W_important_train = sfm.transform(W_train)
W_important_test = sfm.transform(W_test)

In [None]:
# Create a new random forest classifier for the most important features
clf_important = RandomForestClassifier(n_estimators=1000, random_state=0, n_jobs=-1)

# Train the new classifier on the new dataset containing the most important features
clf_important.fit(W_important_train, z_train)

In [None]:
# Apply The Full Featured Classifier To The Test Data
y_pred = clf.predict(W_test)

# View The Accuracy Of Our Full Feature Model
accuracy_score(z_test, y_pred)

In [None]:
# Apply The Full Featured Classifier To The Test Data
y_important_pred = clf_important.predict(W_important_test)
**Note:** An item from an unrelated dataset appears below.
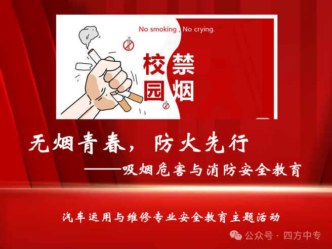 为增强全体学生对吸烟危害的全面认识,特别是提升消防安全意识与自救互救能力,筑牢校园安全防线,我校汽车运用与维修专业于2025年11月28日下午举办了融合健康教育与消防安全学习的主题教育活动。

# View The Accuracy Of Our Limited Feature Model
accuracy_score(z_test, y_important_pred)

In [None]:
from sklearn.tree import DecisionTreeClassifier
dtree = DecisionTreeClassifier()
dtree = dtree.fit(W_train, z_train)
dtree.score(W_train, z_train)

So, we can see the importance of limiting the number of classes in the target. Having just 3 labels achieved 98% with the important predictors, which is close to the training model of 100%. This generalizes well compared with having so many classes in the prediction analysis of 'gname'. 

There are no rule of thumb for number of labels one should have has target variables. It all depends on business needs and how much errors one can stomach. This proves that re-engineering 'gname' and regrouping into lesser classes will improve generalization from training model to testing model. 

Future versions of this model will include Exploratory Data Analysis (EDA) to accompany the descriptive statistics in cell 23, feature engineering to recreate some features, compacting the machine learning code with OOP for code reuse and modularity, and further explanation on the approach i took. Enjoy!!!